0..40000 + 40001..65535

One word of caution about using the range operator: It's a syntactic sweetener designed to speed up your use of PowerShell and make it easier to understand PowerShell code in some circumstances. Syntactic sweeteners can cause confusing behavior in certain situations. A good example of this is what happens when you combine ranges with syntactic sweeteners designed for accessing array elements.

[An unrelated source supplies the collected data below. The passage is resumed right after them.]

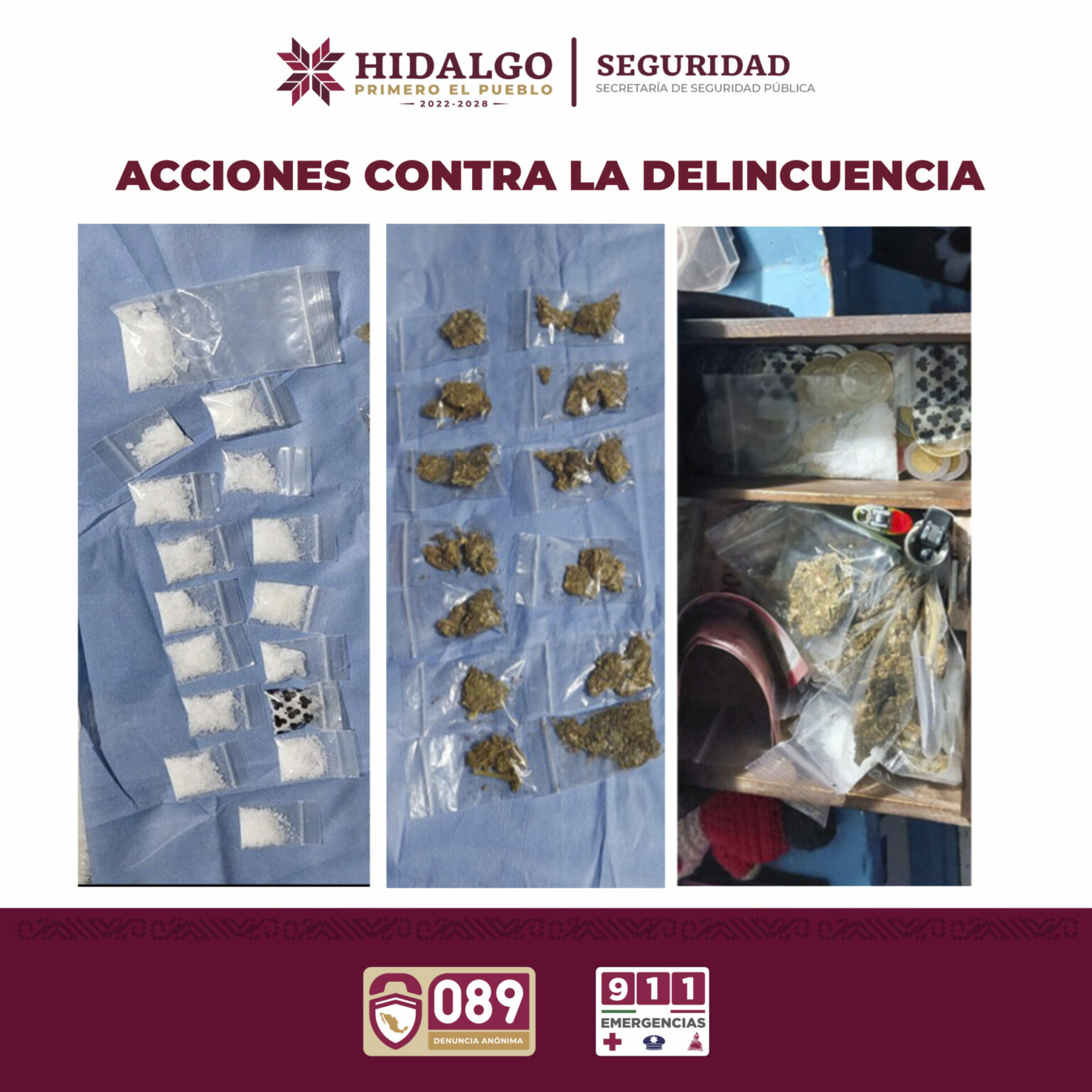 Mientras tanto, en un domicilio de la colonia Cuauhtémoc, municipio de Tlahuelilpan, se logró la aprehensión de un sujeto identificado como J. M. H., a quien le incautaron 217 dosis de presunta marihuana, así como 67 dosis de droga sintética “cristal”.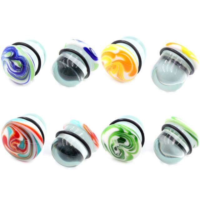 ビー玉のようなマーブル柄の弾丸型のガラス製のプラグ型ボディピアス。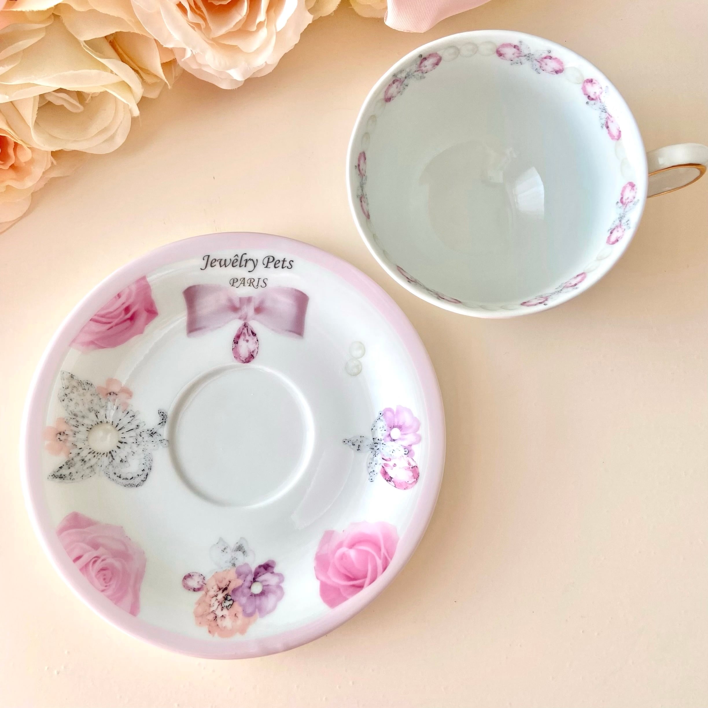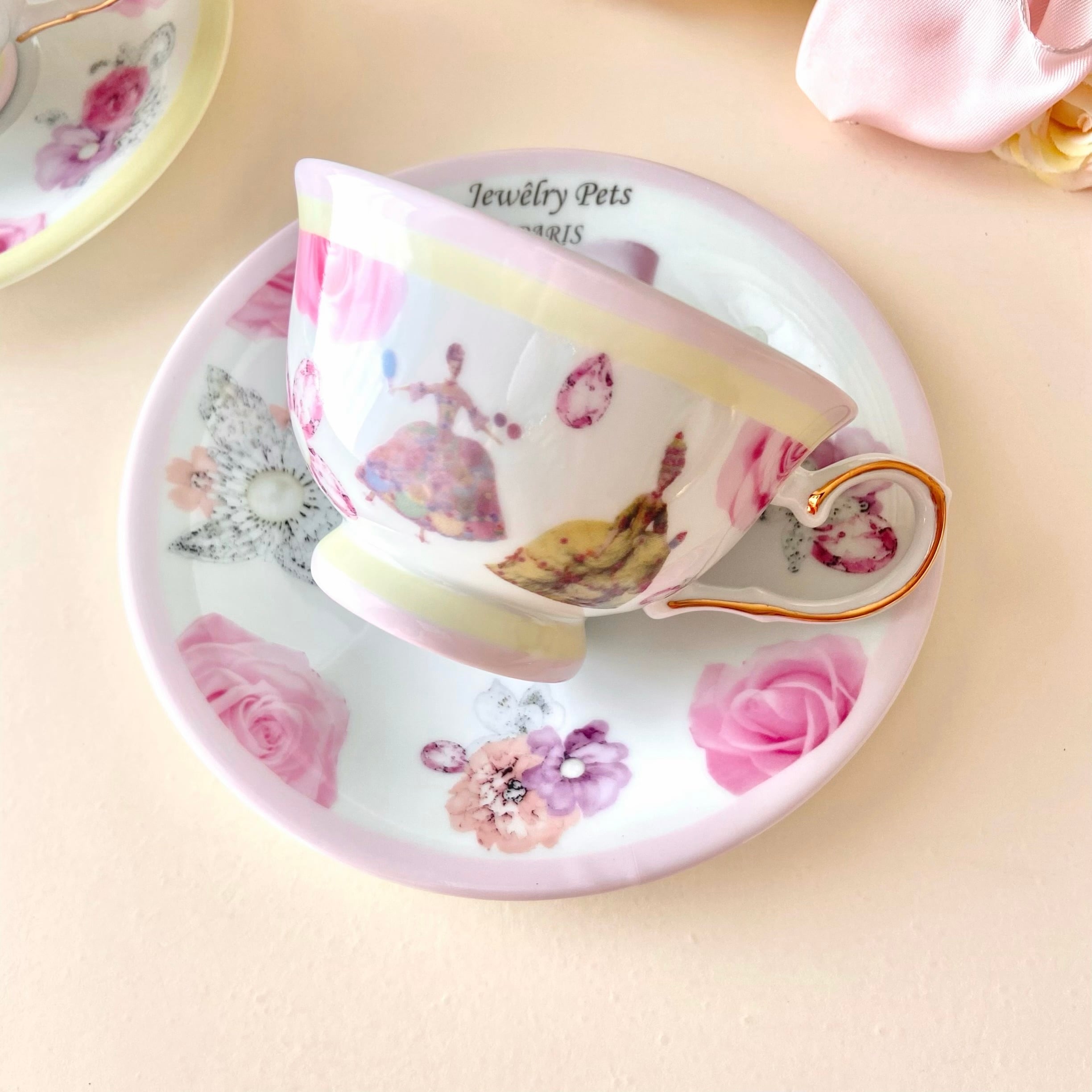 宝石とマリーアントワネットのカップアンドソーサー(pink×yellow)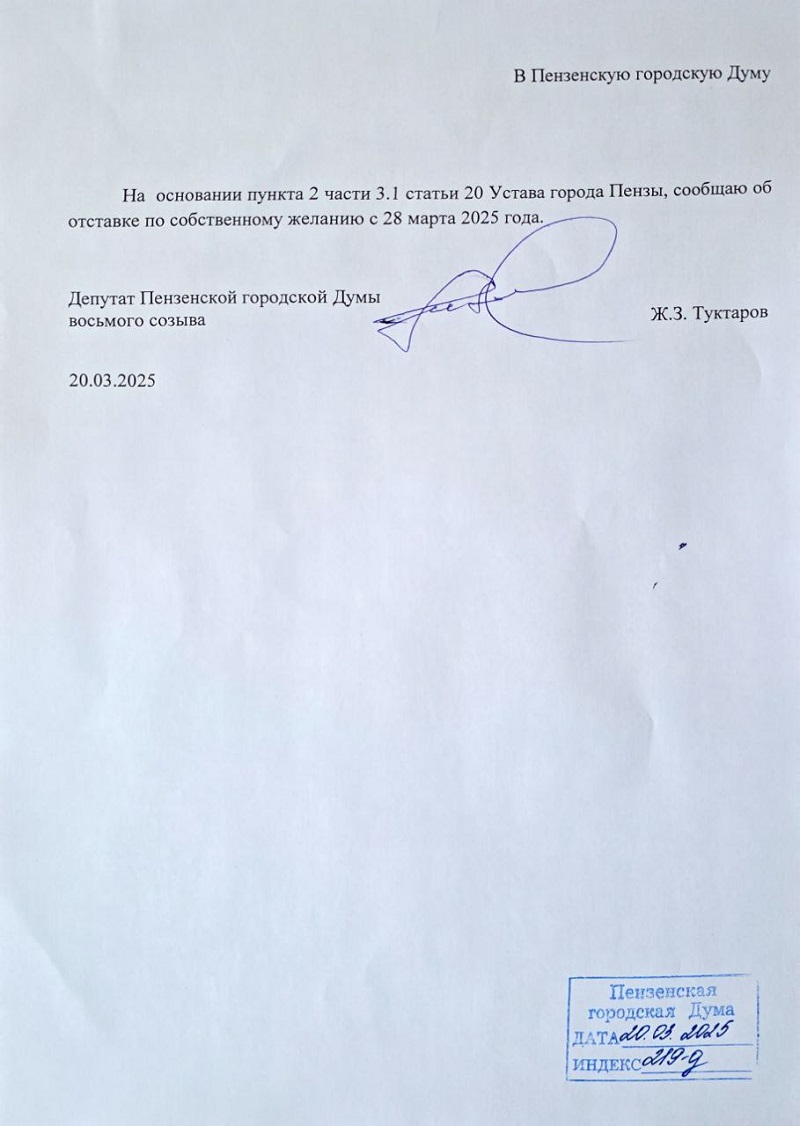 Народный избранник написал заявление об отставке по собственному желанию с 28 марта 2025 года.

Arrays in PowerShell are 0-based—meaning that the index of the first element is 0, the index of the second element is 1, and so on. An array element can never have a negative index. Since negative numbers aren't used otherwise, PowerShell lets you use them to count from the end of the array. When used as if it were an index, the numeral -1 refers to the last element of an array, -2 refers to the next-to-last element of an array, and so on. This is easiest to show with an example. PowerShell treats strings as arrays of characters. Suppose you have a variable, $s, containing the string C:\Windows\. You want to inspect the last character and trim it from the string if it's a backslash (\). You can enter this command to look at the final character:

$s\[-1\]

Because this character is a backslash, we need to extract all characters except the last one. You can do this with

$s\[0..($s.length-2)\]

However, if you're thinking about the fact that you can use a negative number for an array element, it seems instinctive to try this instead:

$s\[0..-2\]

This procedure won't work. PowerShell examines the range first, and 0..-2 means the numbers from 0 to -2, inclusive. So you get back $s\[0\] (the letter C), followed by $s\[-1\] (the final \), and $s\[-2\] (the next-to-last character in $s, the letter s).

Hit the Bull's-eye
You probably won't need to worry about some of these more complicated cases very often. But if you learn the tricks to using PowerShell's range operator, you'll find it an invaluable tool for generating complex collections of values that can help you automate difficult network administration tasks. Procedures such as reversing arrays, combining ranges, and nesting ranges, combined with PowerShell's pipelining feature, will have you hitting the bull's-eye every time.